Variance explained and cumulative variance explained by each of the principal components of the resulting PCA applied independently to each type of network analyzed. As can be seen, in all cases using the first 3 principal components account for more than 90% of the variance of the original dataset.

When analyzing power networks, we observe that the first component only explains 44% of the variation. Consequently, the number of coefficients to describe and to explain differences among power networks is larger. The first component is mainly described by \({\rho }_{1}\), \({\rho }_{2}\), \({\rho }_{3}\), \({\rho }_{4}\), \({\rho }_{9}\), \({\rho }_{12}\). It is necessary to include five principal components, to explain 95% of the variance of the data. This increases the number of metric dimensions required to have a deep understanding of power-network topology. In the case of Facebook, the first component explains 72% of the variance. Consequently, the main differences lie in the leaf coefficient, leaf-connection degree, and triangle degree.

Additionally, two more dimensionality reduction techniques have been implemented to compare the results of the PCA. Firstly, Independent Component Analysis (ICA), proposed by Hyvärinen et al.37, is employed to compare its results with those of the PCA. Unlike PCA, ICA tries to project the original data into a subspace where they are maximally independent. This technique is often used to uncover hidden structures in the original data.
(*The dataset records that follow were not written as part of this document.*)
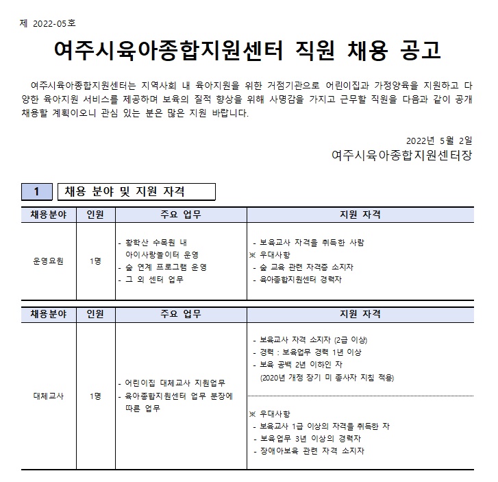 Á¦2022-05È£ ¿©ÁÖ½ÃÀ°¾ÆÁ¾ÇÕÁö¿ø¼¾ÅÍ Á÷¿ø ä¿ë °ø°í (¿î¿µ¿ä¿ø, ´ëü±³»ç)
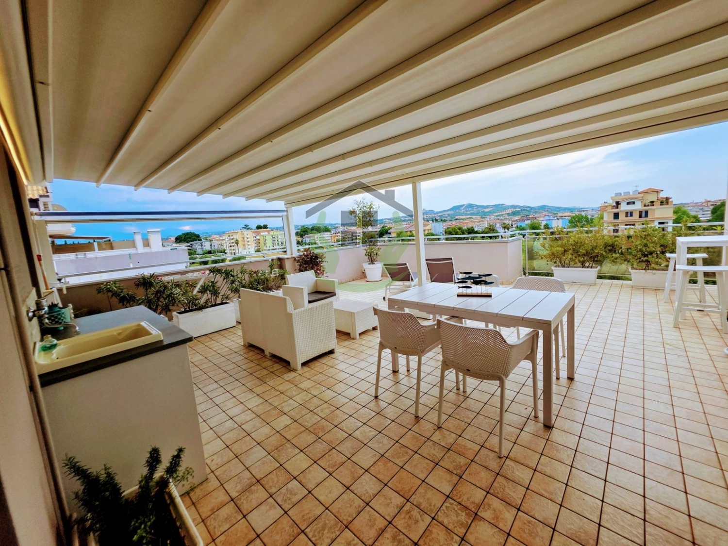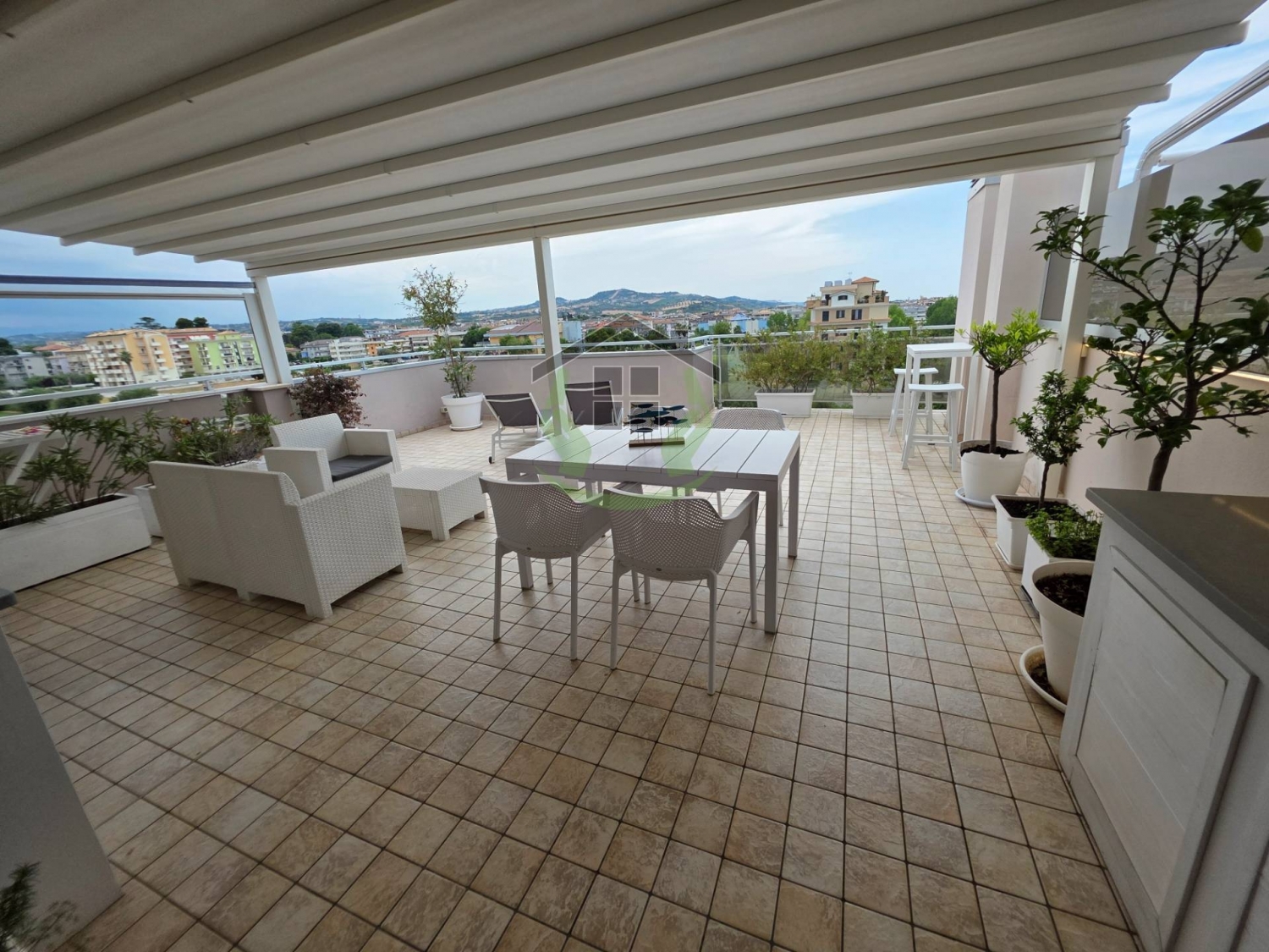 Rif 1804alba adriatica, te, in via ennio flaiano, 12 a soli 400 metri dal mare, in zona ottimamente servita, l'immobiliare oggi trovo casa propone in vendita appartamento al piano quinto servito d'ascensore all'interno di palazzina elegante e di recente realizzazione (anno 2009), proprietà completa di comodo garage al piano seminterrato.l'unità si presenta in ottime condizioni senza lavori da effettuare, internamente cosi suddivisa: ingresso su soggiorno con angolo cottura dallo stesso si ha accesso all'ampio terrazzo abitabile completo di pergolato di ottima manifattura, dallo stesso si gode di bellissima vista panoramica sia sul mare sia sulle colline circostanti, l'accesso al terrazzo si ha anche dalla camera matrimoniale, presente inoltre seconda cameretta oltre che bagno con box doccia e aspiratore.la proprietà abitativa è completata da comodo ed ampio garage di 20 mq il cui accesso risulta essere molto comodo, internamente lo stesso risulta essere completo di tutto (pavimentazione, elettricità, lavello e finestra bocca di lupo per areazione).ottima soluzione, in ottime condizioni. per maggiori informazioni salvatore liguoro.
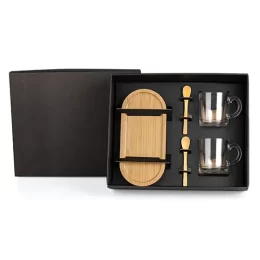 DESCRIÇÃO: Kit para café. Conta com duas canecas em vidro; duas colheres e bandeja em Bambu.
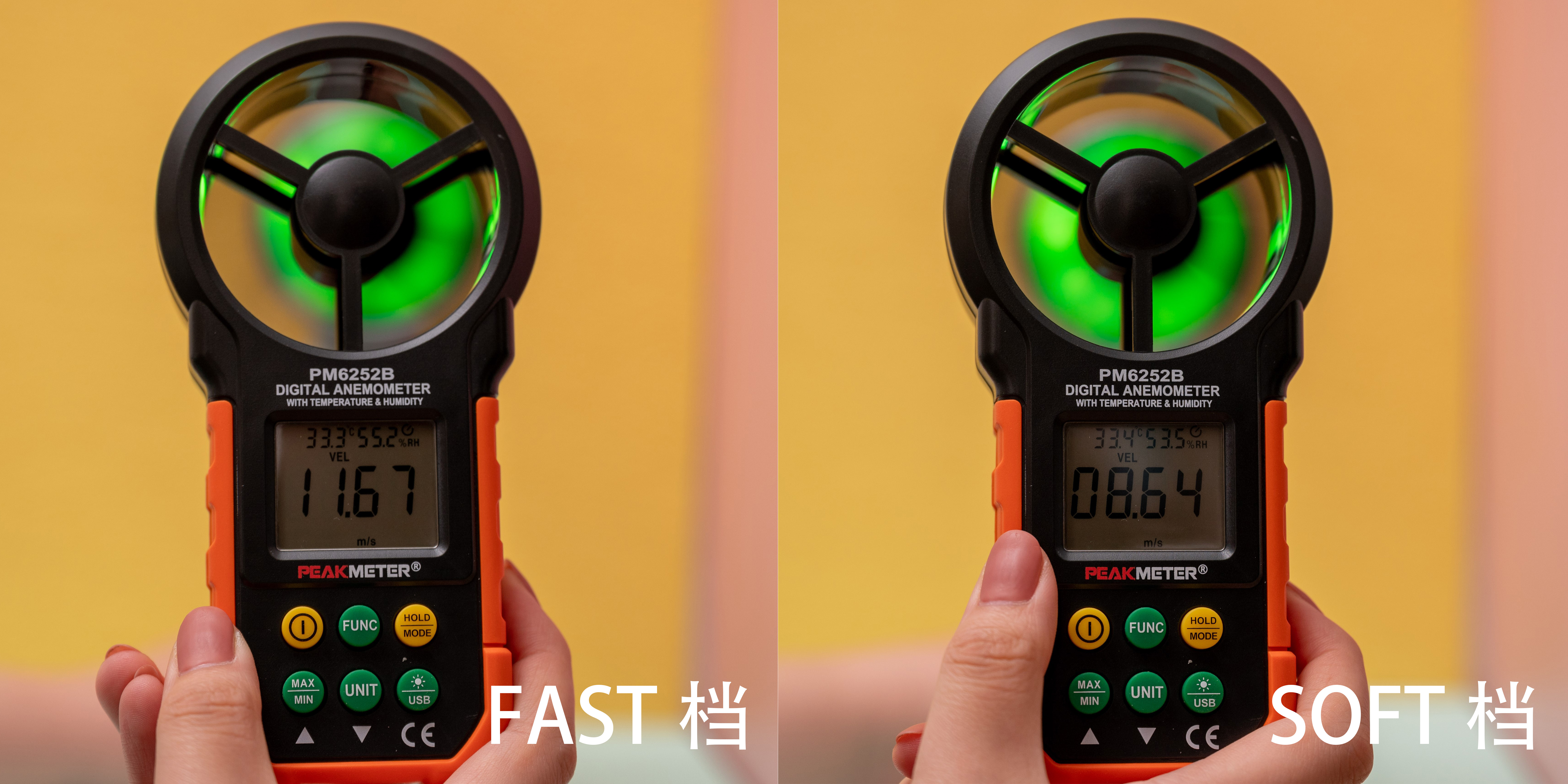 除了光能系统带来热量传递以外,Zuvi原里光能无线吹风机同样也配备了转速达到10万的电机系统,这也使得它的风力流速与戴森的产品相当,进一步提升了整体的干发速度。实测在0.5米的距离上,FAST档位风量可以达到11.67m³/s,SOFT模式则为8.64m³/s,都是吹风机产品中的顶级水平。
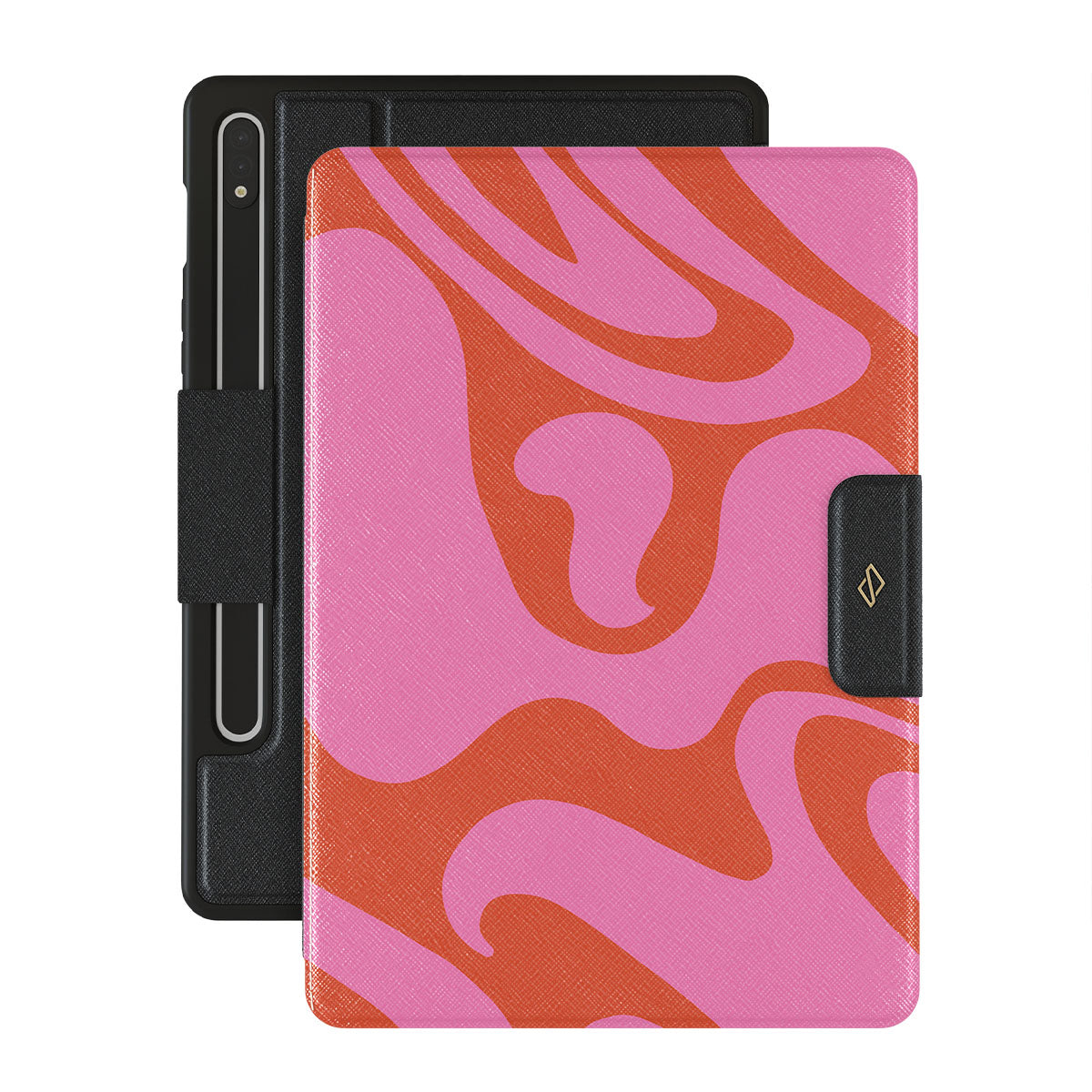 Bold and big take of a liquid swirl can be met in our Ride the Wave Samsung Galaxy Tab S8+/S7+/S7 FE folio case. It will not only turn your device into a beautiful art piece but will also keep it safe and sound while encasing it in a design from a 70s art gallery!

Secondly, a Self-Organizing Map (SOM) proposed by Kohonen38, is fitted, and its results are compared to the PCA low-dimensional representation. The SOM is a competitive learning algorithm that tries to find a low-dimensional representation of the data in such a way that the topological ordering properties of the original data are preserved. These two models are analyzed in Supplementary Information Sect. 5, where both models are compared with the PCA study carried out in this section. The results show a similar ordination of the networks in both models, validating the PCA study. Clusters obtained by these new two methods match those obtained with the principal components, highlighting the capabilities of the proposed method to explain network topology.

Results show the strengths of the proposed method to compare networks of different nature and to find the topological differences among same-nature networks.


The analysis of network graphlets, a local-topological statistic, gives rise to a new description of the global topology of complex networks. This paper introduces an innovative method that analyzes the interaction among graphlets to explain and characterize network topology. This method is based on 2- and 3-node graphlets (three graphlets and four orbits) that are easily derived from the adjacency matrix. Therefore, it overcomes the limitation of counting high degree graphlets that might be cost-intensive for large networks.

The application of the novel framework to five real networks shows that the proposed method is consistent with the global statistics traditionally used to characterize network structure. Furthermore, it overcomes two of their main drawbacks: the use of metrics based on average values and the application of metrics that do not scale linearly with network size. Accordingly, the comparison among networks of different sizes does not require any analysis of metric scalability.

The proposed method has been also validated with a large sample study of networks that arise in different fields. Results prove that the information provided by this novel metric can be used to identify the underlying topological features of the networks and even to provide us with a visual tool to distinguish networks with different properties.

Consequently, this method might explain the evolution in both local and global properties of networks in which growth affects the whole structure. It can also be used to compare networks where network growth does not necessarily imply a change in local properties. This is common in infrastructure networks.

Finally, this work sets up a systematic analysis consisting of a 12-dimensional metric, to explain the properties of the network structure. Moreover, the proposed method allows for the translation of topological properties into other scientific dimensional languages. This is possible because global properties are explained from local structures that are easily interpretable.